Chapter 1: The Case for MLOps

Typical data science work involves extensive data cleaning, exploration, and analysis. In some projects, you may need to run statistical analyses or create data visualizations to help policymakers understand the impact of an intervention or program. In others, you might experiment with different algorithms and hyperparameters to build the best-performing ML model for a given objective, such as predicting fraudulent transactions or developing a recommendation system.

However, productionizing ML models is a different challenge altogether. ML training scripts must be developed, tested, and packaged into an automated pipeline. Data, models, and code all need to be versioned carefully to ensure traceability. Infrastructure must be set up and secured properly to run the model and store the data. All of this ensures your code and models are reliable, secure, and resilient.

Given the significant differences between these tasks, it's no surprise that even experienced data scientists often struggle with productionising ML models. We explore these differences in detail below through three key areas:

Capabilities: The skills required go beyond what data scientists typically need.
Tools: The tools used for production are quite different from those familiar to data scientists.
Processes: Deploying into production involves strict, rigorous processes that can feel at odds with the flexibility and experimentation that data science work often requires.

1.1. Tools & Skills Required Are Different

The core expertise of data scientists lies in understanding ML algorithms, statistical methods, and data visualization principles. When it comes to coding, data scientists typically focus on processing data and training ML models. However, productionising ML models requires foundational knowledge in DevOps & software engineering. This includes writing robust code, creating tests, managing version control, and handling dependencies.

Consider Python as an example. For most data scientists, installing Python is straightforward: download and install Anaconda, run conda install jupyterlab, and write Python code within the Jupyter Lab environment. If extra libraries are needed, they can be easily installed through Anaconda.

However, deploying ML models introduces additional complexities. Some key challenges include:

Managing Python version & library dependencies: ML scripts often rely on libraries like scikit-learn or pandas, each with its own versioning. These dependencies need to be packaged alongside the ML script to ensure it runs properly in production.
Deploying as an API: The most common method for deploying ML models today is as an API. This requires a basic understanding of APIs, web applications, and networking.

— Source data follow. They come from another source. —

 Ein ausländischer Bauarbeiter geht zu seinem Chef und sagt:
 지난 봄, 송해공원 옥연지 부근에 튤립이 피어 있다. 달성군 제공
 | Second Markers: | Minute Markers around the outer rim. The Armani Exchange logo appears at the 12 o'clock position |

For most data scientists, Jupyter notebooks are the main tool for data preparation, exploratory data analysis, data visualisation, and training ML models. While Jupyter notebooks are convenient for these purposes, they are not that well-suited for production deployments. Here are a few reasons:

Inconsistent code execution: Have you ever encountered situations where your code doesn't run correctly after you restart your Jupyter notebook? That may be because you didn't run your code in the same order or you made ad-hoc changes which you didn't save. Jupyter notebooks allow such situations to happen, which can make it hard for others to replicate your steps correctly.
Lack of proper version control: Collaborating with other data scientists can be quite hard on Jupyter notebooks, especially if you make changes to the same parts of the notebook. As a result, you may have multiple notebooks titled notebook_v1_editedbyA.ipynb or notebook_v1_editedbyA_byB.ipynb. While this may be alright when rushing for a presentation, it's very unreliable when you are planning to deploy a ML model for a system that has to work 24/7.
Not scalable or executable as a script: Jupyter notebooks can only be run within the Jupyter Lab interface, which is a problem because most production systems execute scripts from the command line. Moreover, the Jupyter Lab interface itself uses some computational power, so the code doesn't run as efficiently as it could.

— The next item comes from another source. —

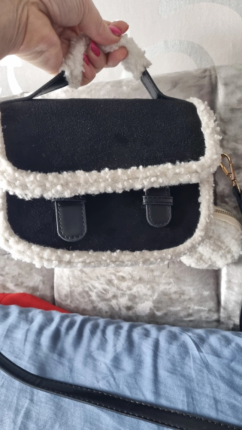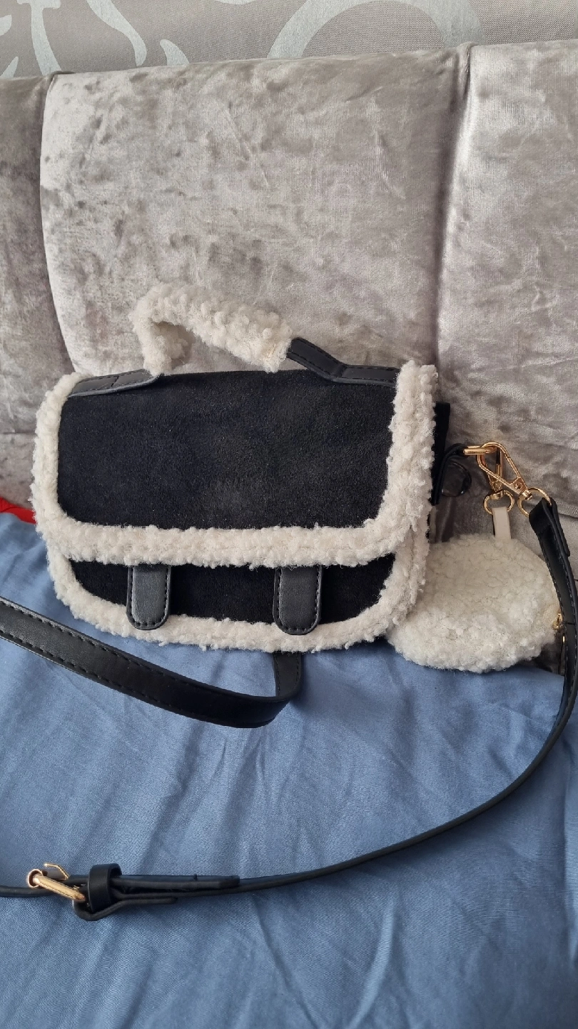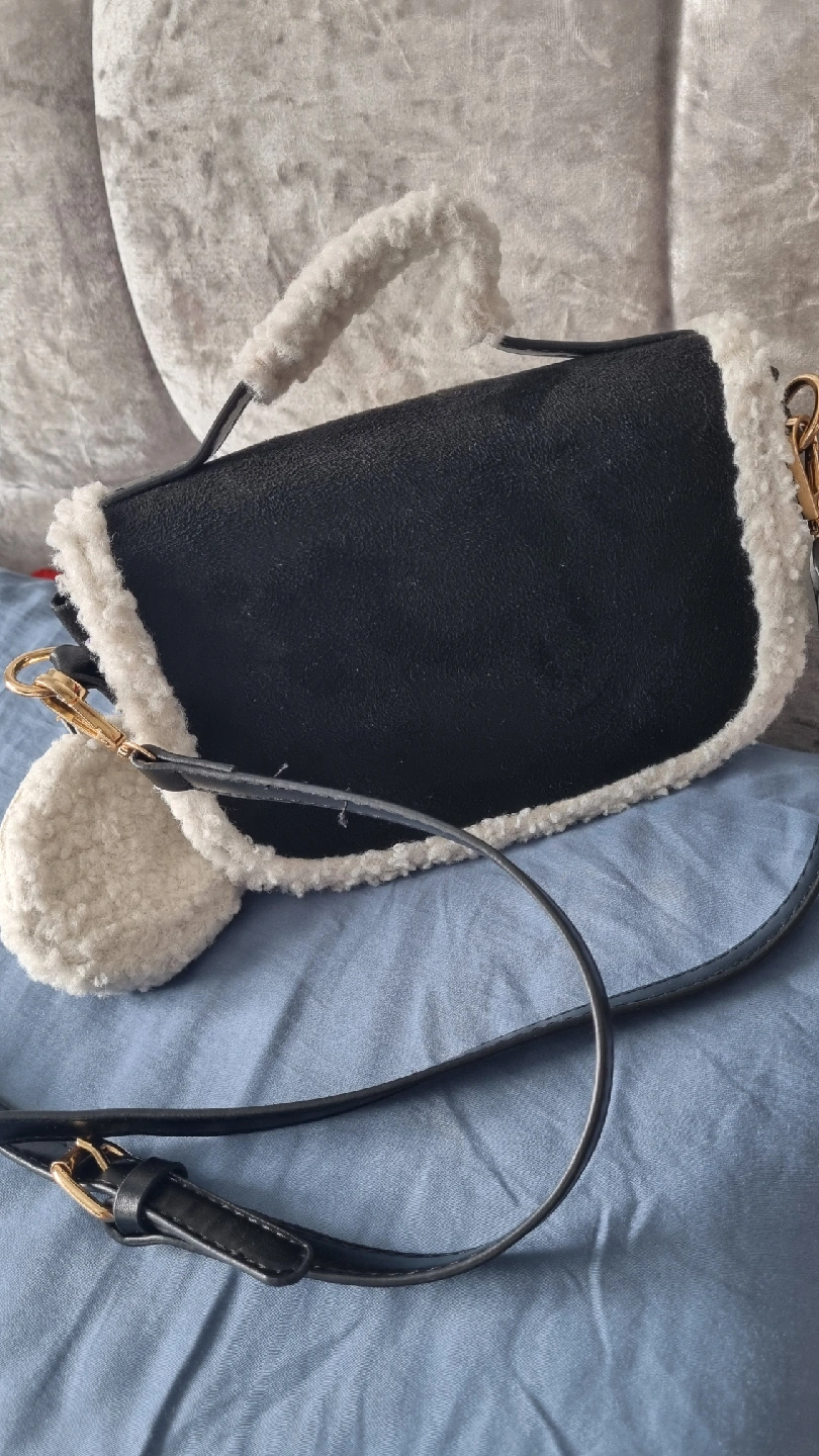 24 reviewsCute crossbody bag with a fluffy cream trim. It's black with a long strap. The bag is in great condition and perfect for everyday use

1.2. Deployment processes are different

IT systems are treated very carefully in many agencies, and with very good reason. These systems support mission-critical business functions, be it grant applications, student e-learning, or port operations. They also hold sensitive data, especially income declarations or health records. If any of these systems go down, it would severely affect the agency's ability to do its job.

As such, agencies follow strict processes when new code changes are being introduced to IT systems, with numerous safeguards and checks in place to ensure that these changes do not cause problems or introduce vulnerabilities. This can add significant friction to the entire process, causing simple changes to take days or weeks to be implemented.

Most importantly, this often comes at odds with how data science work is done. Having access to production data and being able to update ML models frequently are both necessary for data scientists to build the best-performing ML models, but these are extremely difficult under a risk-averse approach to managing IT systems.

1.3. Remarks

We hope this has kept your interest high. In the next chapter, we’ll explore the different MLOps maturity levels and help you identify the key areas to focus on based on your agency’s starting point. Building MLOps capabilities is a journey that takes time, but with steady progress, you’ll gain valuable insights into effectively deploying ML in the public sector.